Exercise details >>
Write back every entry exactly as it reads, with the pictures left behind.

START The data

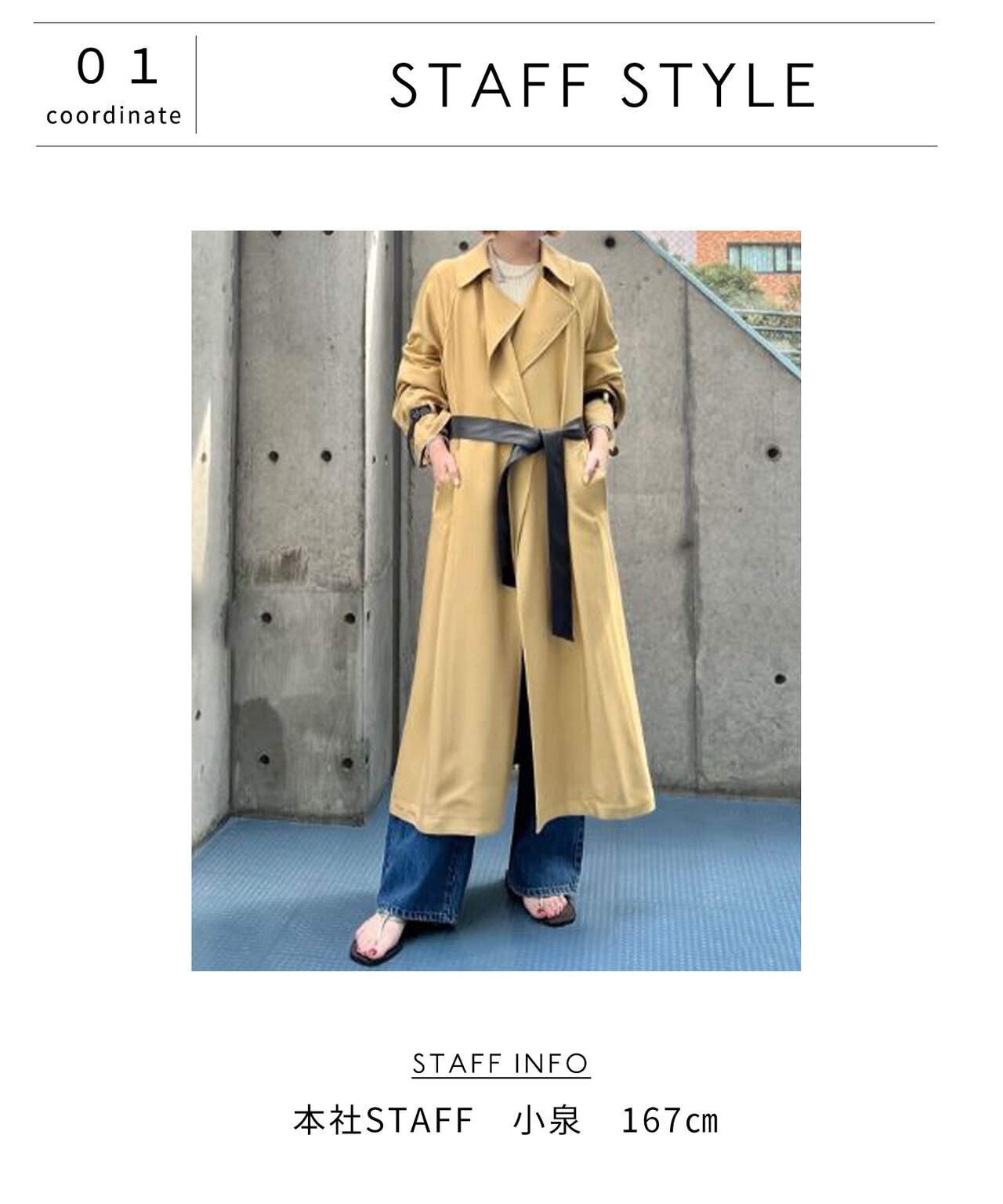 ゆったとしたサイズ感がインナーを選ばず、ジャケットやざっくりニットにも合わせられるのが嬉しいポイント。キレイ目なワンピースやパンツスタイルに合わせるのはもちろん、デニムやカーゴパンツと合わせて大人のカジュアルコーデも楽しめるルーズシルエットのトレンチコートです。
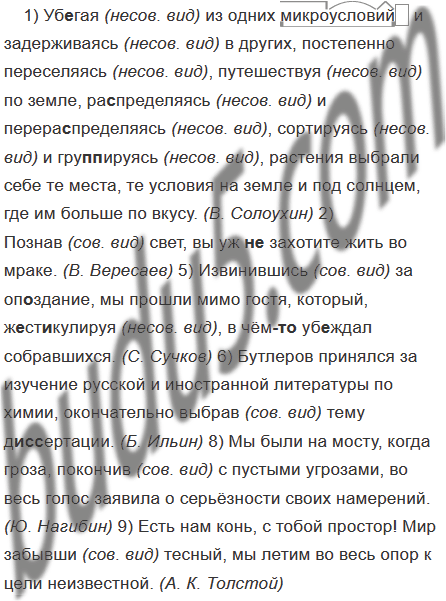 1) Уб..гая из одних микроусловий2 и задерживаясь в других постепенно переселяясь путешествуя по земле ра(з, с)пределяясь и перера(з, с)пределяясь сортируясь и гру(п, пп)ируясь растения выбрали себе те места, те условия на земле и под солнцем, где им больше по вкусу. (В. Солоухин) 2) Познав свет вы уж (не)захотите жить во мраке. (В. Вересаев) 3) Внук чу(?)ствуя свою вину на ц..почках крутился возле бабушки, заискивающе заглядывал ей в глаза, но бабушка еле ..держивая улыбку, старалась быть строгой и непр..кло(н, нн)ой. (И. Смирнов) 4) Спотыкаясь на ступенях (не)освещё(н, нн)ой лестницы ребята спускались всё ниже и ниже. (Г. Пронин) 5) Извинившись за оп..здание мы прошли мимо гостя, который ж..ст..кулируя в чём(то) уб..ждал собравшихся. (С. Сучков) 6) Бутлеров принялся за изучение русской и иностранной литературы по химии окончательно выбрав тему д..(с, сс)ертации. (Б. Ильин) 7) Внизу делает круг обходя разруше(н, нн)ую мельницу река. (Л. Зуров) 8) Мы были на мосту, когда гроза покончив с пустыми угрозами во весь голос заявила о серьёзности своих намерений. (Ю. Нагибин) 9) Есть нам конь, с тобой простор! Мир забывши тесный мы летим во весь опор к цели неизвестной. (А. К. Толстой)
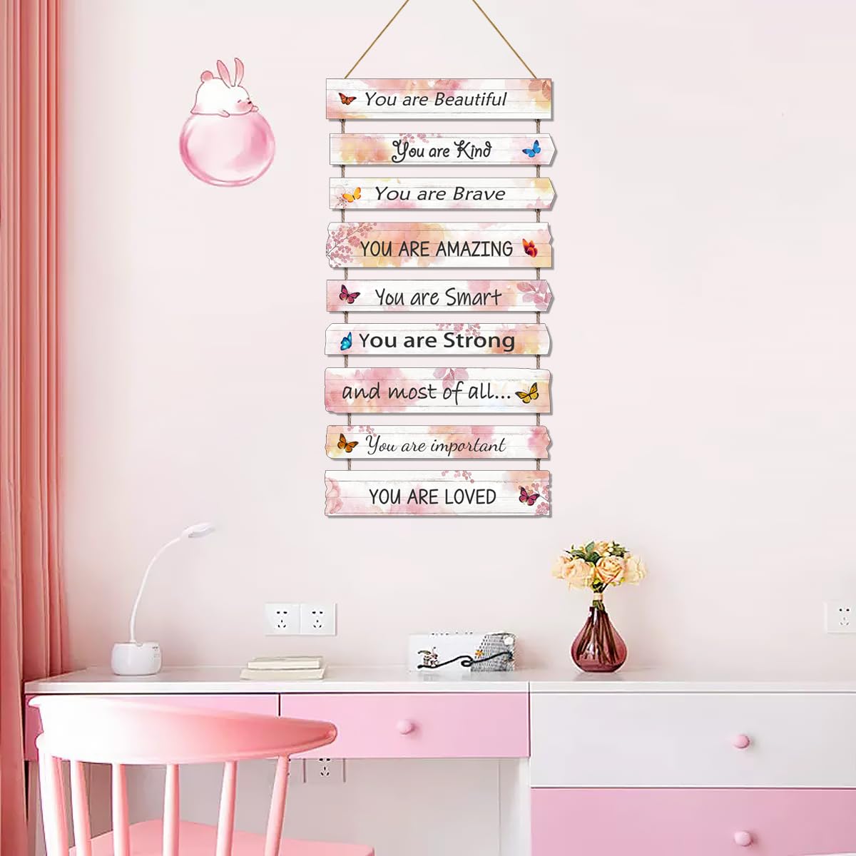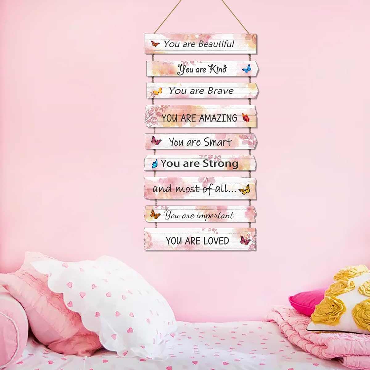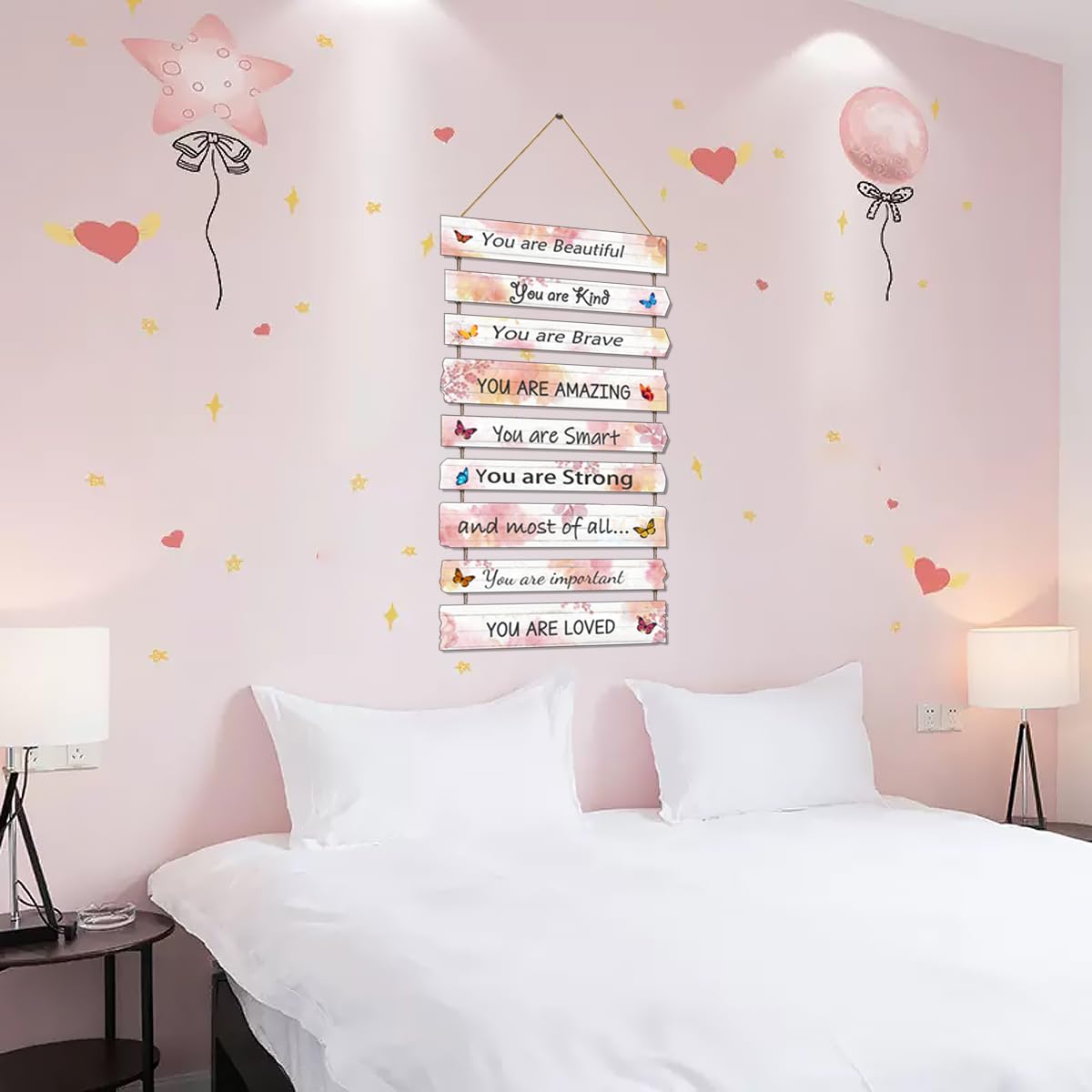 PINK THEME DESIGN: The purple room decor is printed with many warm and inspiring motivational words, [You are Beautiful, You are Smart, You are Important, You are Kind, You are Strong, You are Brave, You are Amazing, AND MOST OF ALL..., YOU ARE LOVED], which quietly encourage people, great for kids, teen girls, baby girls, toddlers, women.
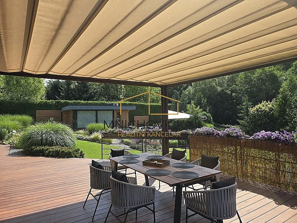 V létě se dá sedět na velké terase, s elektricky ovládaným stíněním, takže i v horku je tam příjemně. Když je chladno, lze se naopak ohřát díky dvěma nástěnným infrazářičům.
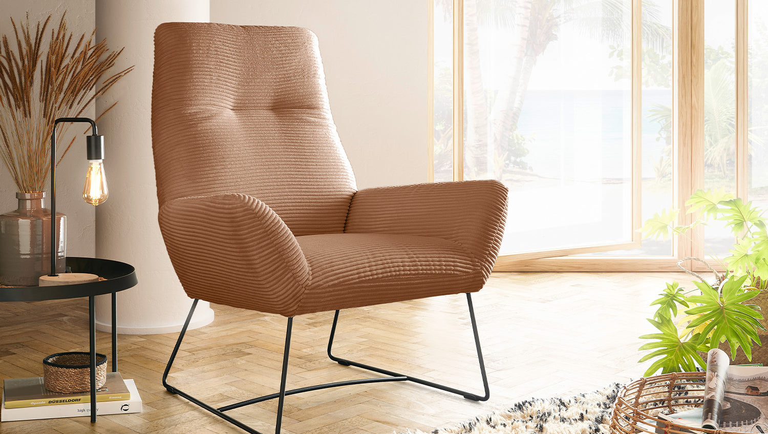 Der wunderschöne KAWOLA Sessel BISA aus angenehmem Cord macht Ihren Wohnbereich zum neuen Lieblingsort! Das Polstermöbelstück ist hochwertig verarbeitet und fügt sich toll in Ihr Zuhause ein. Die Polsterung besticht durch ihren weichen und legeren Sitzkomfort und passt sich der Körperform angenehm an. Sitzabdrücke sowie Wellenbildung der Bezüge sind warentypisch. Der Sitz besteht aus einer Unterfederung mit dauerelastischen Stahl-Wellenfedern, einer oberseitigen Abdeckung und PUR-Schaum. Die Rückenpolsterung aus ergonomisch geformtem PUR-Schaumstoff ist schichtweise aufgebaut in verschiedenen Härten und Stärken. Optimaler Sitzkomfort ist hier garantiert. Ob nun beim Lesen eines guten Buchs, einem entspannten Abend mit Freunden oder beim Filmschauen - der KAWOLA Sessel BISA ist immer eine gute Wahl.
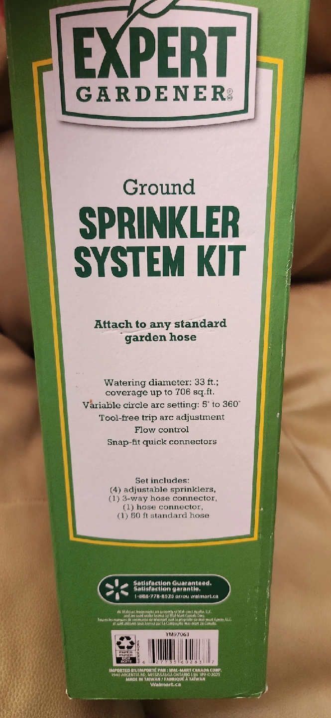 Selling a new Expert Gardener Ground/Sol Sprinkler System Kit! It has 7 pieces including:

END The data

Result >>
 ゆったとしたサイズ感がインナーを選ばず、ジャケットやざっくりニットにも合わせられるのが嬉しいポイント。キレイ目なワンピースやパンツスタイルに合わせるのはもちろん、デニムやカーゴパンツと合わせて大人のカジュアルコーデも楽しめるルーズシルエットのトレンチコートです。
 1) Уб..гая из одних микроусловий2 и задерживаясь в других постепенно переселяясь путешествуя по земле ра(з, с)пределяясь и перера(з, с)пределяясь сортируясь и гру(п, пп)ируясь растения выбрали себе те места, те условия на земле и под солнцем, где им больше по вкусу. (В. Солоухин) 2) Познав свет вы уж (не)захотите жить во мраке. (В. Вересаев) 3) Внук чу(?)ствуя свою вину на ц..почках крутился возле бабушки, заискивающе заглядывал ей в глаза, но бабушка еле ..держивая улыбку, старалась быть строгой и непр..кло(н, нн)ой. (И. Смирнов) 4) Спотыкаясь на ступенях (не)освещё(н, нн)ой лестницы ребята спускались всё ниже и ниже. (Г. Пронин) 5) Извинившись за оп..здание мы прошли мимо гостя, который ж..ст..кулируя в чём(то) уб..ждал собравшихся. (С. Сучков) 6) Бутлеров принялся за изучение русской и иностранной литературы по химии окончательно выбрав тему д..(с, сс)ертации. (Б. Ильин) 7) Внизу делает круг обходя разруше(н, нн)ую мельницу река. (Л. Зуров) 8) Мы были на мосту, когда гроза покончив с пустыми угрозами во весь голос заявила о серьёзности своих намерений. (Ю. Нагибин) 9) Есть нам конь, с тобой простор! Мир забывши тесный мы летим во весь опор к цели неизвестной. (А. К. Толстой)
 PINK THEME DESIGN: The purple room decor is printed with many warm and inspiring motivational words, [You are Beautiful, You are Smart, You are Important, You are Kind, You are Strong, You are Brave, You are Amazing, AND MOST OF ALL..., YOU ARE LOVED], which quietly encourage people, great for kids, teen girls, baby girls, toddlers, women.
 V létě se dá sedět na velké terase, s elektricky ovládaným stíněním, takže i v horku je tam příjemně. Když je chladno, lze se naopak ohřát díky dvěma nástěnným infrazářičům.
 Der wunderschöne KAWOLA Sessel BISA aus angenehmem Cord macht Ihren Wohnbereich zum neuen Lieblingsort! Das Polstermöbelstück ist hochwertig verarbeitet und fügt sich toll in Ihr Zuhause ein. Die Polsterung besticht durch ihren weichen und legeren Sitzkomfort und passt sich der Körperform angenehm an. Sitzabdrücke sowie Wellenbildung der Bezüge sind warentypisch. Der Sitz besteht aus einer Unterfederung mit dauerelastischen Stahl-Wellenfedern, einer oberseitigen Abdeckung und PUR-Schaum. Die Rückenpolsterung aus ergonomisch geformtem PUR-Schaumstoff ist schichtweise aufgebaut in verschiedenen Härten und Stärken. Optimaler Sitzkomfort ist hier garantiert. Ob nun beim Lesen eines guten Buchs, einem entspannten Abend mit Freunden oder beim Filmschauen - der KAWOLA Sessel BISA ist immer eine gute Wahl.
 Selling a new Expert Gardener Ground/Sol Sprinkler System Kit! It has 7 pieces including:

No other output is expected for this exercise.